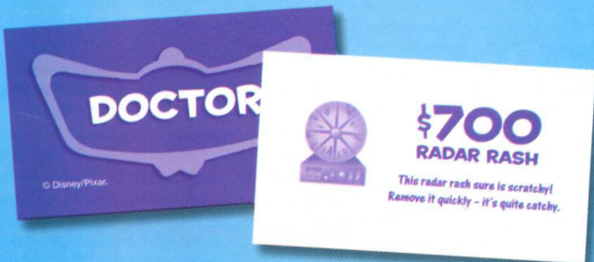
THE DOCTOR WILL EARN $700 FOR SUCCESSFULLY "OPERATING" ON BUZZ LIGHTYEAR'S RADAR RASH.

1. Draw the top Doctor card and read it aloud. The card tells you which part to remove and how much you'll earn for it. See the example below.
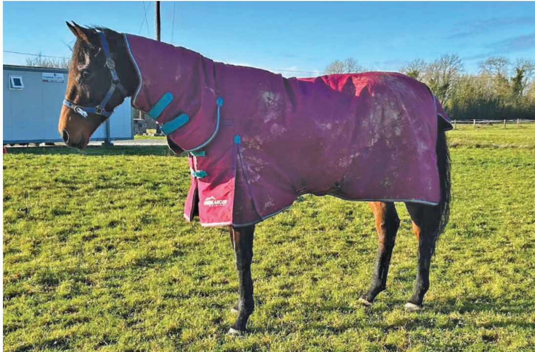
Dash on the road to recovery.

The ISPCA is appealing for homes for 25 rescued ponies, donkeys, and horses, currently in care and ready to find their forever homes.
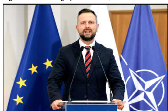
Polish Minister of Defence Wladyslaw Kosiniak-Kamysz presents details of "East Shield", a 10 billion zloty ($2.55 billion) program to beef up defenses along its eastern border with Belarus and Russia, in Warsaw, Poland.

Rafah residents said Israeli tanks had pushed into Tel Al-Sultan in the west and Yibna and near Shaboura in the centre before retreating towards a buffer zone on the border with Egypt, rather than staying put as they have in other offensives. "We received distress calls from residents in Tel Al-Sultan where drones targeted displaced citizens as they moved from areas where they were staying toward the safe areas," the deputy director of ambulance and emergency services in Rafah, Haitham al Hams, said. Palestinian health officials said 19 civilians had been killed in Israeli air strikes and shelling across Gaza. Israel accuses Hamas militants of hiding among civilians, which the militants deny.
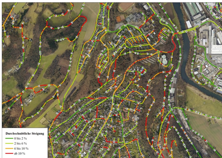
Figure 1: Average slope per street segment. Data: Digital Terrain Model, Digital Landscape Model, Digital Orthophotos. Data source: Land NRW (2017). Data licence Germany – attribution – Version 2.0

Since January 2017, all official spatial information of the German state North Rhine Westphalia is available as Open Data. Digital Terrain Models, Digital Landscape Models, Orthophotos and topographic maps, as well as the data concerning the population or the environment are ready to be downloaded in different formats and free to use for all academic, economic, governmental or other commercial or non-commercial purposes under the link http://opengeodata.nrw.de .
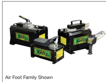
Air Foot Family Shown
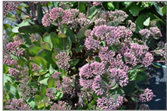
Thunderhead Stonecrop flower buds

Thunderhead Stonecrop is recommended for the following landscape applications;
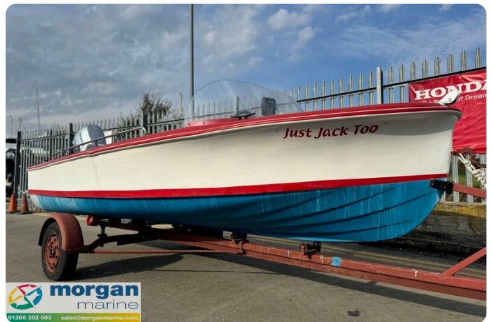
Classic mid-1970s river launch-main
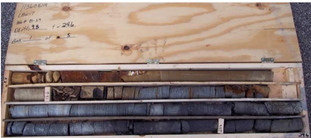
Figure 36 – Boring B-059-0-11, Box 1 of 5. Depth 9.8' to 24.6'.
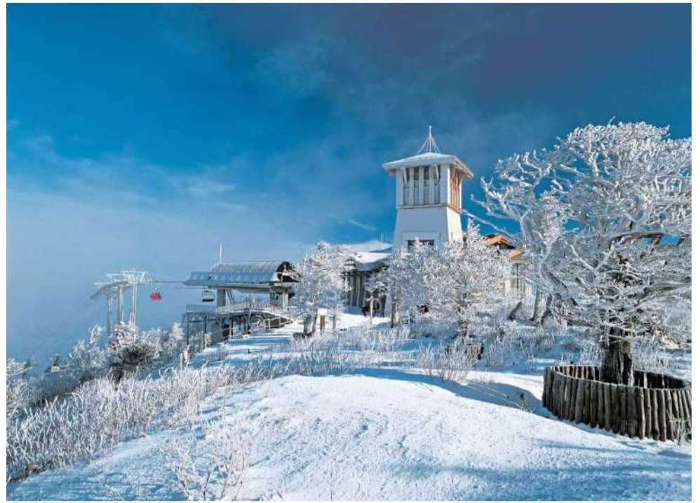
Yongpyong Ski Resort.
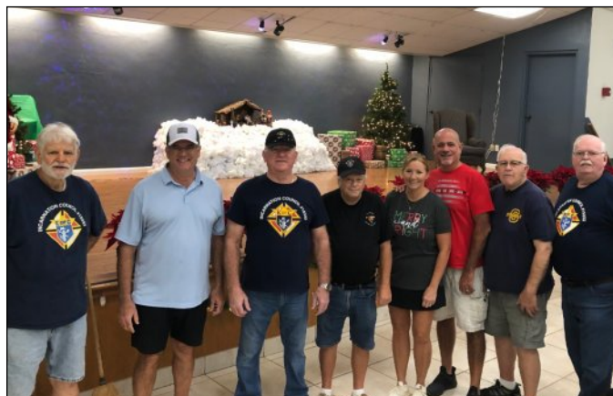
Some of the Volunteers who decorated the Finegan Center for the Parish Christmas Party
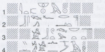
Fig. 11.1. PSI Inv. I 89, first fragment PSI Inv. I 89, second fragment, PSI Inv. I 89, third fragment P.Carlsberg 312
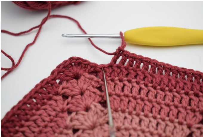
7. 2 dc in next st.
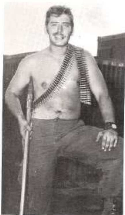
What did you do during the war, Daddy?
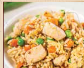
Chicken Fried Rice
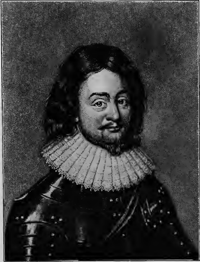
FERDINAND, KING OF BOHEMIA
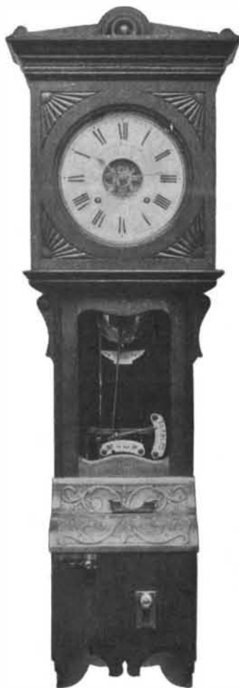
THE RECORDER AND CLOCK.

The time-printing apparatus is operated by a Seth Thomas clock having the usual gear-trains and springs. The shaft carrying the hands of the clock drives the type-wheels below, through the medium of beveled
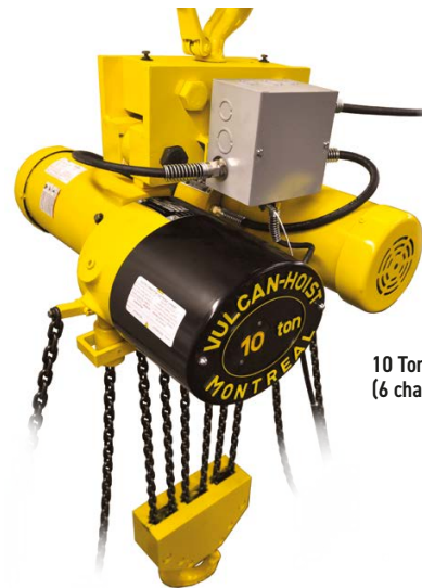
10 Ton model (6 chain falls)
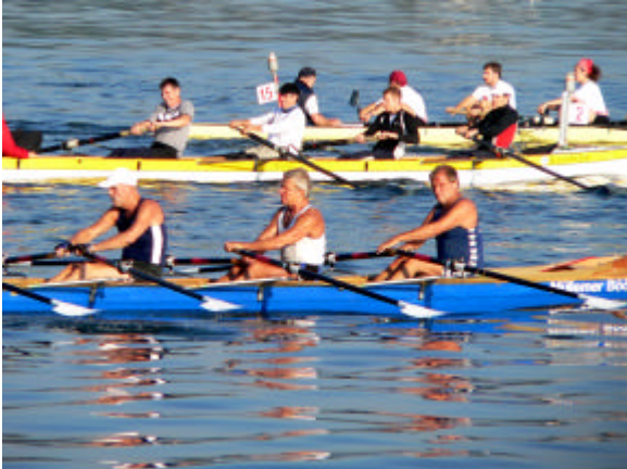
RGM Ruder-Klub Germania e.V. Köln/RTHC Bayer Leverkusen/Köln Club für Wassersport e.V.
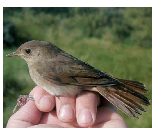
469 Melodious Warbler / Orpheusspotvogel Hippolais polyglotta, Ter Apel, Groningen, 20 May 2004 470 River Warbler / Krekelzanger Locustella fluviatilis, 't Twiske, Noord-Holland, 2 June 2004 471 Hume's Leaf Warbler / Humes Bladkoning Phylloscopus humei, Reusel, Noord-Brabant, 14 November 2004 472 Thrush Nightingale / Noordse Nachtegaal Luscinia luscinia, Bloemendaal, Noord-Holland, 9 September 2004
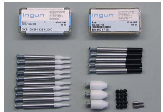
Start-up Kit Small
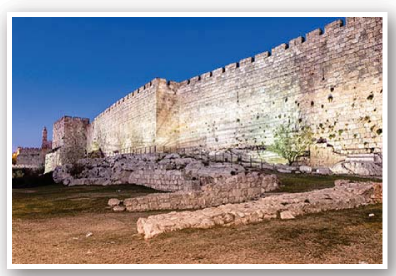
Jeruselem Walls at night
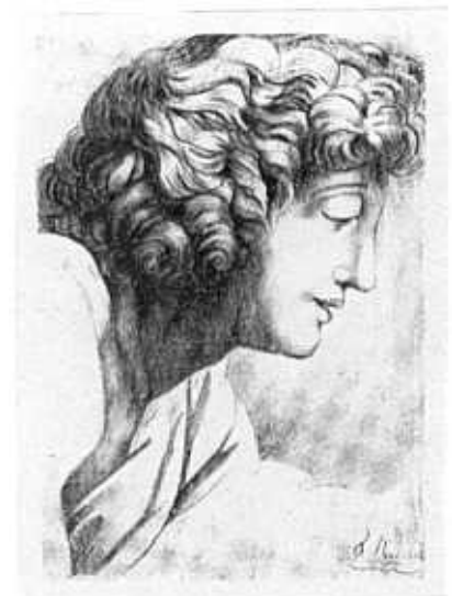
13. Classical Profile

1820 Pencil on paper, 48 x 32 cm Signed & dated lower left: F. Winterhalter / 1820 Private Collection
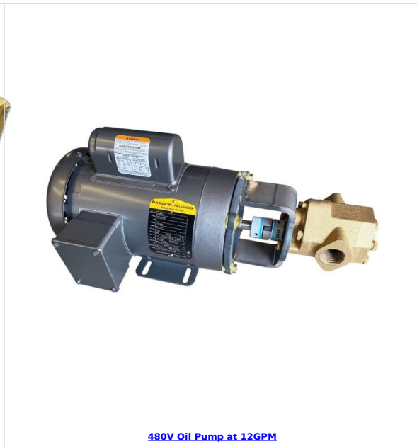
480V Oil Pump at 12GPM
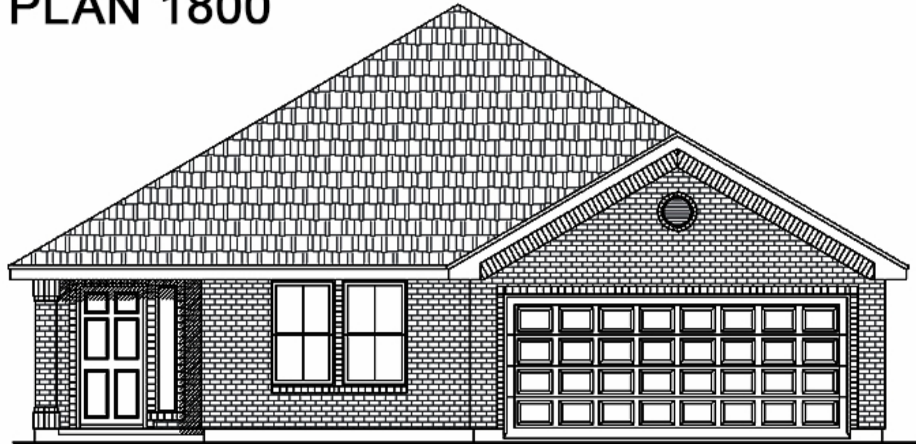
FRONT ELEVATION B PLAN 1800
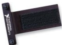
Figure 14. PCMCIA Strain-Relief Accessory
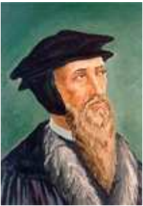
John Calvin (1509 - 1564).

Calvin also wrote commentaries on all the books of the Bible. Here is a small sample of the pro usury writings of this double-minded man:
•••
What is needed is an exact copy of only the lines above from the one with "Thunderhead Stonecrop flower buds" to the one with "Yongpyong Ski Resort.", both kept, with every picture left out.

→ SOLUTION:
Thunderhead Stonecrop flower buds

Thunderhead Stonecrop is recommended for the following landscape applications;
Classic mid-1970s river launch-main
Figure 36 – Boring B-059-0-11, Box 1 of 5. Depth 9.8' to 24.6'.
Yongpyong Ski Resort.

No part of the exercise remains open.